A scenario similar to Kosovo vs. Yugoslavia is often referred to by the Chechen people, however the time is very poorly chosen. President Bush -in his war against terrorism- needs all the support he can get from President Putin and a deal around this support is not hard to imagine - Mr. Putin already having given 'carte blanche' to the Washington administration in return for closer ties to the West.

Already Mr. Bush's spokesman Sean McCormack has made it clear where US sympathies lie.

Meanwhile, a direct result is already showing: the intensifying pogrom-like hunt for "Black-asses" (the common referral to Caucasians by Russians).

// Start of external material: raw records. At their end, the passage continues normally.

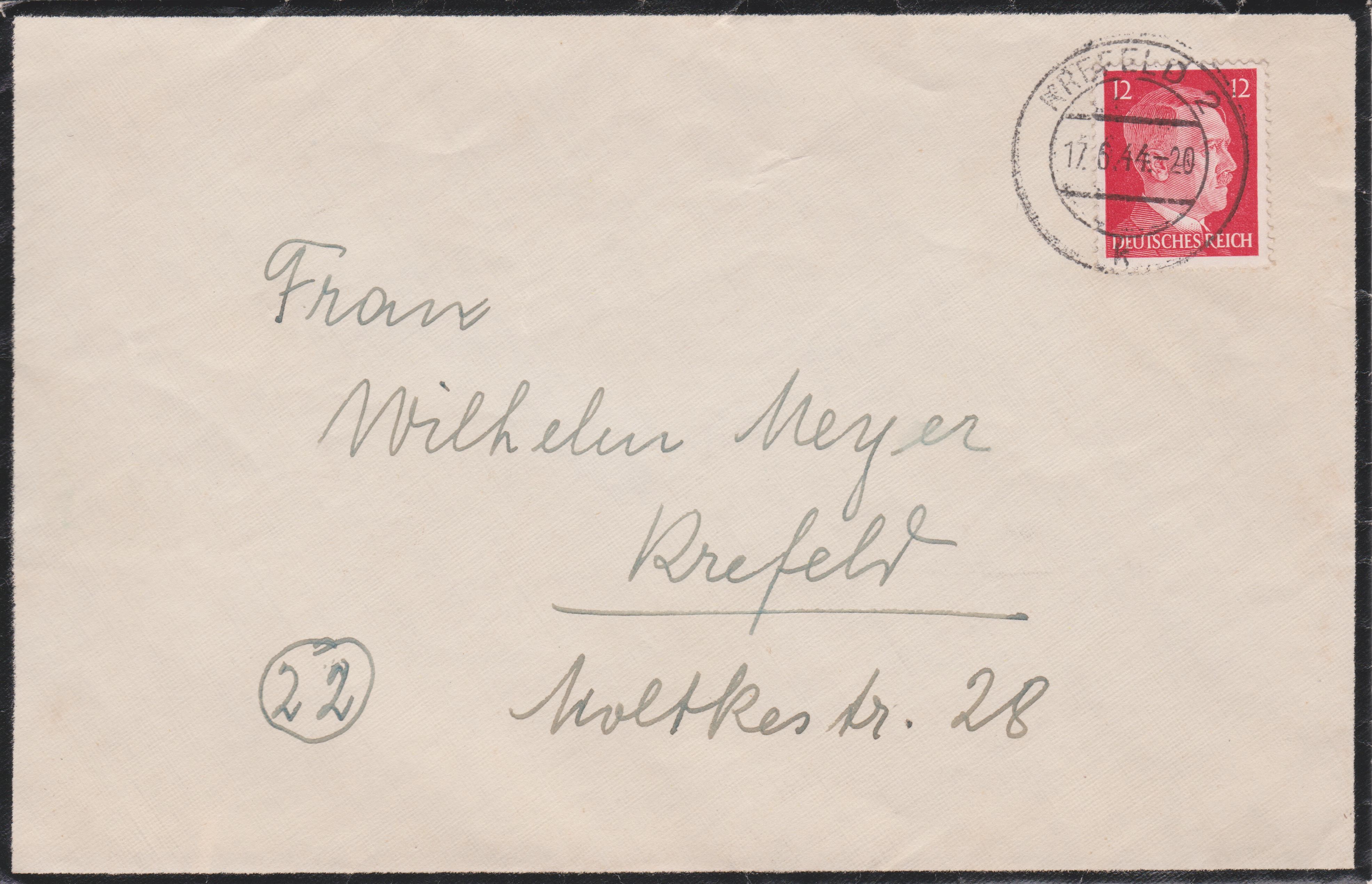 Einzelfrankatur 12 Pf Dauerserie Adolf Hitler am 17.06.1944 auf Trauerbrief von KREFELD 2 nach "22 Krefeld":
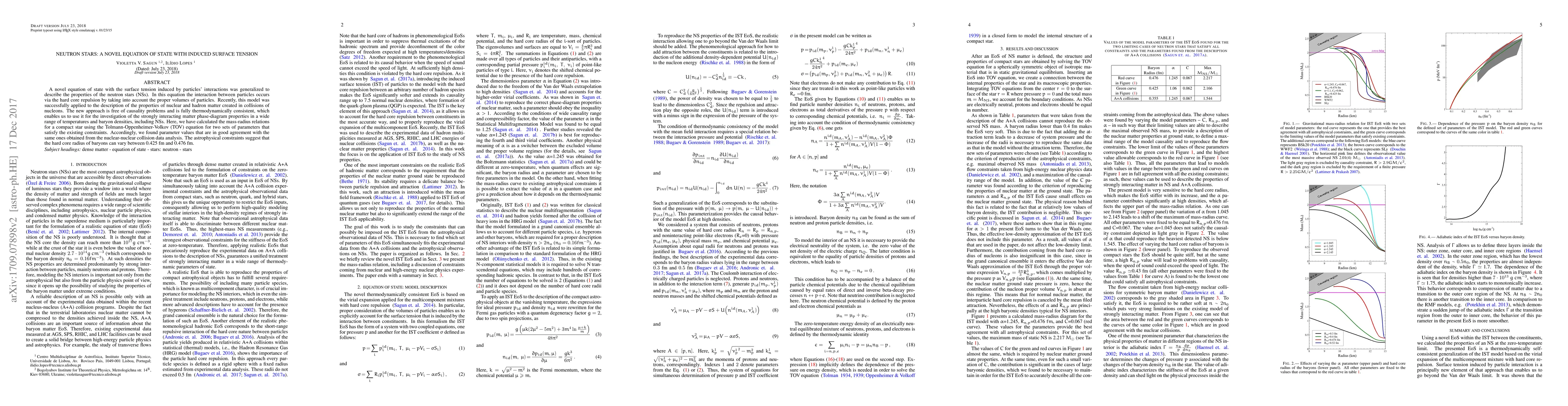 A novel equation of state with the surface tension induced by particles' interactions was generalized to describe the properties of the neutron stars (NSs). In this equation the interaction between particles occurs via the hard core repulsion by taking into account the proper volumes of particles. Recently, this model was successfully applied to the description of the properties of nuclear and hadron matter created in collisions of nucleons. The new approach is free of causality problems and is fully thermodynamically consistent, which enables us to use it for the investigation of the strongly interacting matter phase-diagram properties in a wide range of temperatures and baryon densities, including NSs. Here, we have calculated the mass-radius relations for a compact star using the Tolmann-Oppenheimer-Volkov (TOV) equation for two sets of parameters that satisfy the existing constraints. Accordingly, we found parameter values that are in good agreement with the same ones obtained from the nuclear-nuclear collision data analysis. The astrophysical constraints suggest that the hard core radius of baryons can vary between 0.425 fm and 0.476 fm.
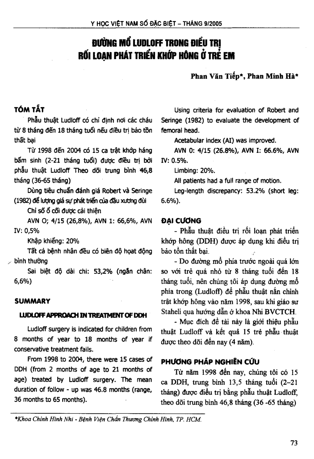 Đường mổ Ludloff trong điều trị rối loạn phát triển khớp hông ở trẻ em
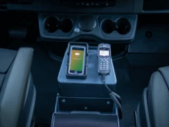 Dieses Ablagefach unterstützt das kabellos induktive Laden von Smartphones mittels INBAY.
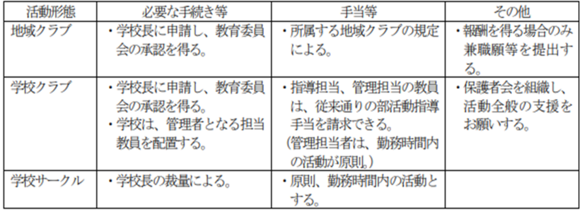 クラブ化には、現段階として二つの方法が考えられます。指導面だけでなく、管理面も地域団体等に任せる「地域クラブ」に移行させる方法と、管理面は学校が行う「学校クラブ」に改革する方法があります。
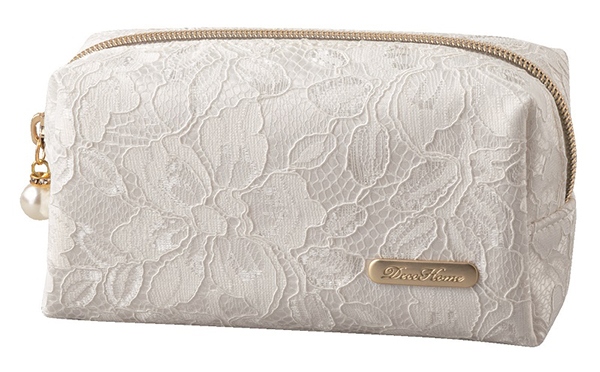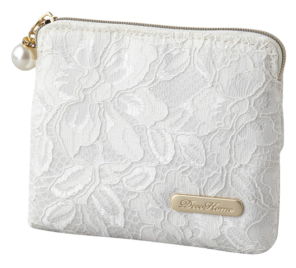 レース柄のコンパクトポーチ。ポケットティッシュがぴったりな程よいサイズ感で持ち歩きに便利です。

A darker looking reporter at the scene of the hostage taking was [publicly] molested by police…., a Chechen who volunteered to exchange himself for Russian hostages had to run from drunken youths.., it is only a prelude for what is to happen over the next few days.

Can we learn from this case book study of terrorism and war and its effects?

Clearly the use of military force and persecution to a race of people is not meeting the aim of eliminating terrorism.

In fact we see the reverse happening. After years of war the Chechen people have very little of their homeland left. All infrastructure is destroyed, the people who dare to remain live in hardship and fear of attack.

The majority of the population live outside Chechnya in the surrounding republics. These "refugees" are often living in refugee camps under cramped and basic conditions. Young people have nothing to do, no schooling, mothers and grandparents spend their time trying to insure there is a meal on the table, the numbers of working age males is limited - having mysteriously disappeared, been shot or taken up arms.

Are these not circumstances tailor made for the making of more terrorists? And have we not seen an almost identical situation develop elsewhere in the world with identical consequences?

Every terrorist act is an unjustifiable act of violence that we should be looking to eliminate. War on the ground in the terrorists’ nation does not appear to be working.

In fact we could argue in the Chechens' case that a stronger and larger group of terrorists have been born.

World "super powers" need to take a good look at their strategies and give examples of where violent responses have given longer term security and safety.

Every individual has the right to basic human rights - war often takes away access to these rights. Give people back their freedom and assist them in access to their basic rights and maybe we will begin to see a safer world to live in.

*************

* Daan Kolthoff: Recently immigrated to New Zealand after many years of working with refugees and international humanitarian aid organizations.

Previously based in the Netherlands working for the Dutch Government Immigration Service as a case officer for refugee applicants. A specialist on the Caucasus region. This involved in-depth research and writing of reports and checklists over Chechnya, Armenia and Azerbaijan.

Also worked with Amnesty International, Medecins Sans Frontieres and MERLIN. The later two are both medical emergency relief organizations operating in Chechnya, Azerbaijan, Georgia, South Sudan and Bosnia.